A mesma explicação serve para explicar porque regiões mais comumente afetadas pela dengue, como Nordeste, apresentaram números baixos durante essa epidemia. Segundo Barbosa, apesar de quente, a região Nordeste não tem alto volume de chuvas —mesmo durante epidemias passadas, seus números eram baixos se comparados aos registros do centro-sul hoje. Além disso, como a doença circulou no local anteriormente, há menos suscetibilidade aos diferentes sorotipos.
Em relação aos óbitos, também número recorde, os especialistas afirmam que são proporcionais ao número de casos, mas fazem ressalvas.
“Nossa letalidade também foi maior em relação aos outros anos, ou seja, o número de óbitos dividido pelo número de casos. Geralmente uma letalidade razoável é 0,05 e a gente está batendo 0,10, quase o dobro. Isso se deve muito pela falta de preparação e de treinamento dos diversos estados”, diz Croda.
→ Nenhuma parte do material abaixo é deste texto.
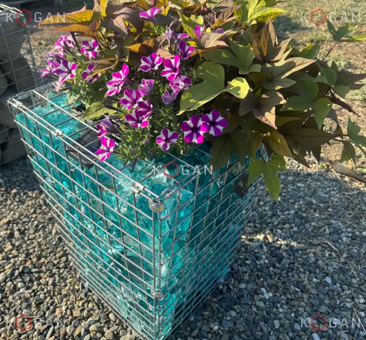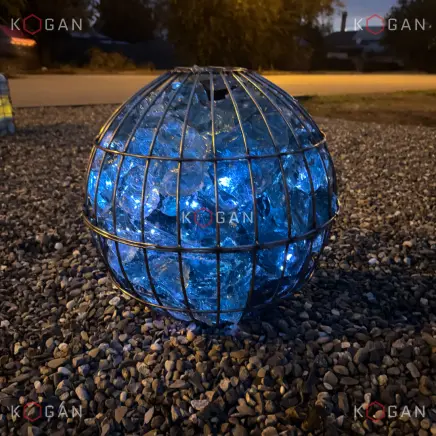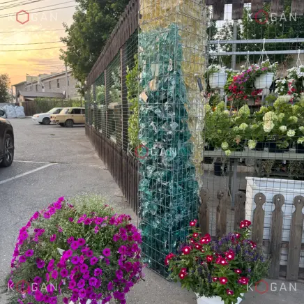 Для наполнения габионов астраханские мастера используют натуральный камень разных фактур и цветов. Самые популярные варианты — благородный булыжник, колотый и галтованный гранит. Однако особой выразительностью малые архитектурные формы наделяет эрклёз, и здесь тоже «глаза разбегаются» от количества оттенков: лазурно-бирюзовое стекло, оранжевое, янтарное, жёлтое, изумрудное... Учитывая разнообразие форм, фракций, степеней прозрачности эрклёза и вариативность характеристик подсветки, дизайнерский потенциал садовых и уличных габионов приближается к бесконечности!

Segundo o infectologista, não houve uma coordenação adequada do Ministério da Saúde com os estados para treinar os profissionais e cobrar dos governantes os planos de contingência, como a abertura de novas unidades de atendimento.
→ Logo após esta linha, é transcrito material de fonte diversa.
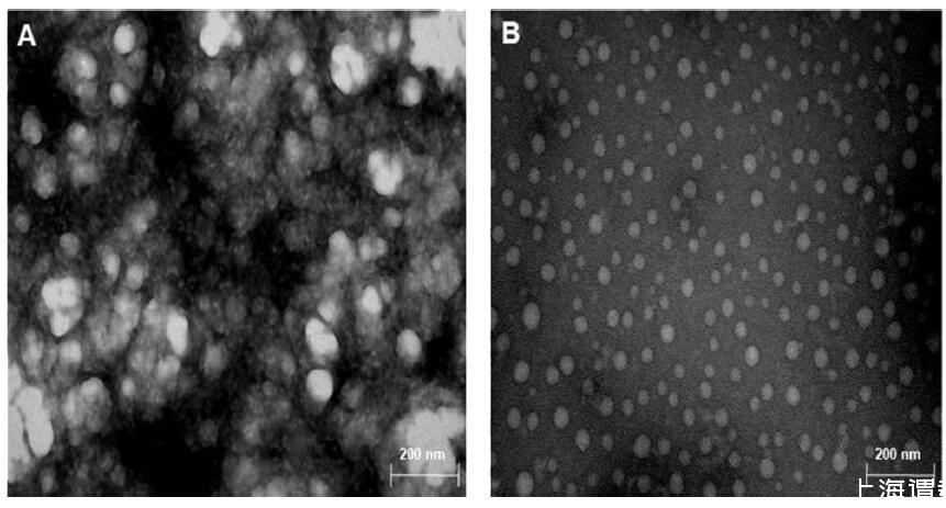 含30%(w/v)甘油(417.4±53.1 nm)的NP的Z平均值比含20%(w/v)甘油(383.8±58.8 nm)的NP观察到的高25%。尺寸通过TEM显微镜确定。图1显示了在没有甘油(图1A)和添加20%(w/v)甘油(图1B)的情况下NQoThs的显微照片。如上所述,添加20%甘油抑制了NP团聚。表2比较了TEM和动态光散射(DLS)确定的NP尺寸。使用DSL确定的值比TEM确定的值高近10倍,因为TEM直接测量干燥样品,而Zetasizer系统确定尺寸首先通过DLS测量样品中由于周围粒子轰击(布朗运动)而引起的液体中粒子的随机运动,然后使用StokeseEinstein方程(Akbari、Pirhadi和Zandrahim,2011年)从该运动中推断出大小。

“Sempre falo que ninguém deveria morrer de dengue. Você consegue controlar a doença desde que interfira rapidamente e faça o manejo adequado dela. Então, acho que o número mais alto de mortes em alguns locais não tem relação com o hospedeiro em si, nem com o vírus, e sim com uma questão de saúde pública —conseguir fazer o manejo adequado e ter resposta rápida”, afirma Richtmann.
A doença arrefeceu a partir de junho, mas não tem a ver com esforços coletivos, dizem os especialistas. “Arrefece todo ano nessa época. Para de chover, o tempo fica seco, os casos se concentram no primeiro semestre. Vamos ver o que vai acontecer em 2025”, diz o infectopediatra Renato Kfouri.
Desde fevereiro, o país tem recebido doses da vacina Qdenga, fabricada pela empresa japonesa Takeda e pré-qualificada pela OMS (Organização Mundial da Saúde). O Ministério da Saúde adquiriu todo o estoque disponível do imunizante, que deve continuar chegando até novembro, mas não é suficiente.
Além da Qdenga, está em produção pelo Instituto Butantan uma vacina brasileira, em fase final de testes. Em declaração feita em janeiro, o governador Tarcísio de Freitas (Republicanos) afirmou que a previsão é que a vacina fique pronta em setembro e que seja entregue em 2025.
A última fase de testes da vacina brasileira mostrou uma eficácia geral de 79,5% na prevenção da doença após uma única dose, de acordo com estudo disponível no periódico The New England Journal of Medicine, uma das principais publicações médicas do mundo.
Perfil das vítimas de dengue
Dados do Ministério da Saúde mostram que a maior parte dos casos prováveis de dengue registrados no semestre ocorreram entre mulheres (54,8%).
Ao todo, 49,6% das ocorrências foram identificadas em pessoas brancas, 42,5% entre pardos, 6,2% entre pretos e 0,3% entre indígenas.
A faixa etária de 20 a 29 anos concentrou a maior parte das vítimas, seguida pela de 30 a 39 anos e pela de 40 a 49 anos.